Patti Gray awoke, pressed the button under her pillow for a nurse, smiled about the clean hospital room.

Gladney was waiting to see her. He wheeled himself in and stopped the chair beside her bed.

"Hello. Feel human again?"

"Do I?" She laughed. "Gladney, I'm going to stay right here the rest of my life!"

"Yeah ... that's what I said yesterday. But today I'm itching to get back up yonder." He dug a thumb at the sky.

"Is Judith all right?"

"Sure. She wants to see you. Frankly, Miss Gray," he lowered his voice, "I expected that first 'splat' of Rat's would kill her."

Gray shivered. "I have a hazy memory of that landing. How did we do it?"

"Easy. A coast-guard cutter saw us and picked us up about ten miles out."

"Gladney," she said quickly, "you've got to help me clear Rat. We've got to ... why Gladney, you don't mean they got him...?"

"_They_ didn't get him. _Earth_ did. Don't you remember what he said about Earth being a nice place for us? Centaurians can't endure Earth's gravity and atmosphere; the Centaurian Embassy is very specially built, and all Centaurians come to Earth in what are virtually fish bowls.
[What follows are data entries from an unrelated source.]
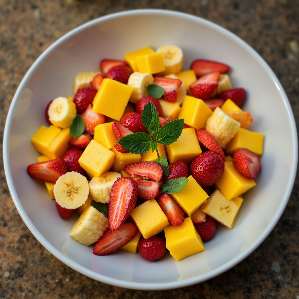 1. En un tazón grande, coloca todos los ingredientes frescos: mangos, papaya, fresas y bananas. Mezcla suavemente para combinarlos.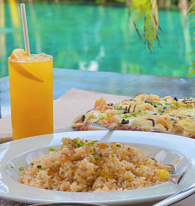 吃的话还真的没啥吃的,分两个餐厅全素食餐厅|海鲜餐厅,但是我吃不惯。建议还是自备干粮去,带点泡面或者小火锅啥的…哈哈哈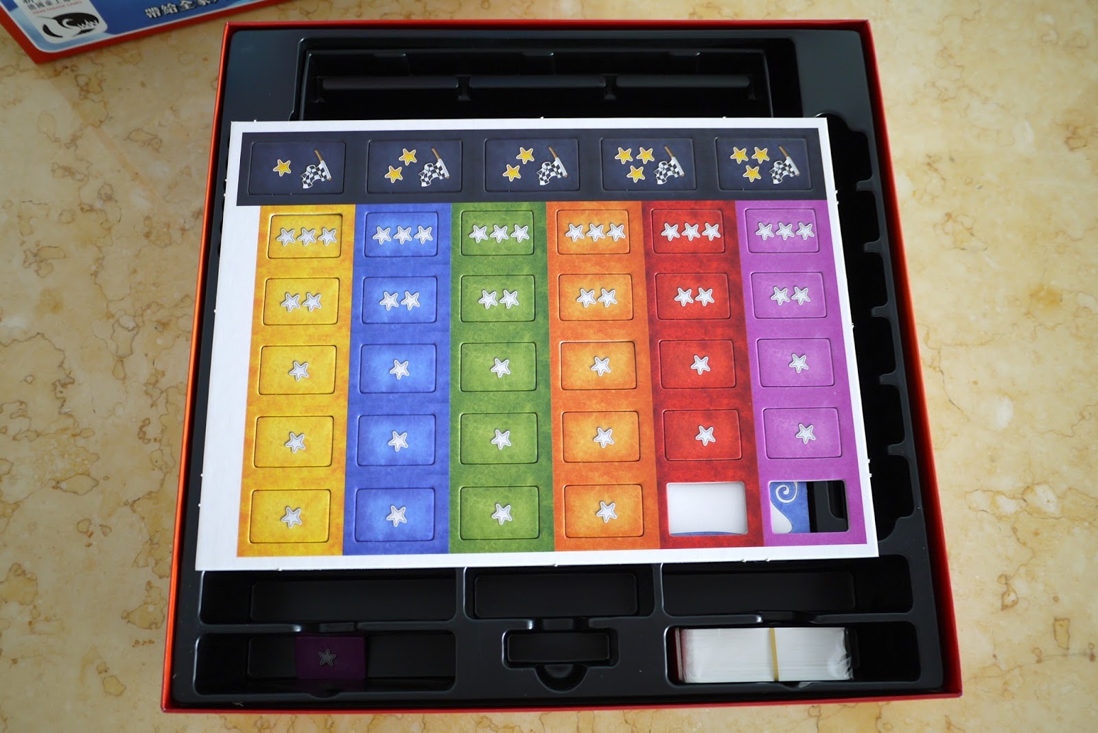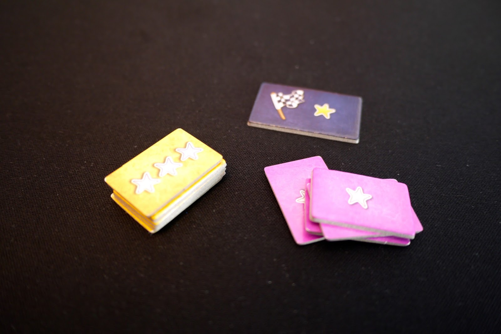 | 分數版塊,每位玩家拿取自己的顏色,可以3-6人玩。不過這些 分數盡量要給別人猜對,拿走,回合結束留在自己手上可是要扣分的! 這張圖可以看到Token的厚度;上面是先完成的獎勵分。 |

"Rat was beginning to die even as we dove for the water."

Patti Gray stared at him a moment in frozen horror, then buried her face in the pillow.

"Some day, he will be remembered, Miss Gray," Gladney whispered. "Some day, after all the bitterness over Ganymede is forgotten, they'll remember _why_ Rat left his post, and they'll remember how he drove."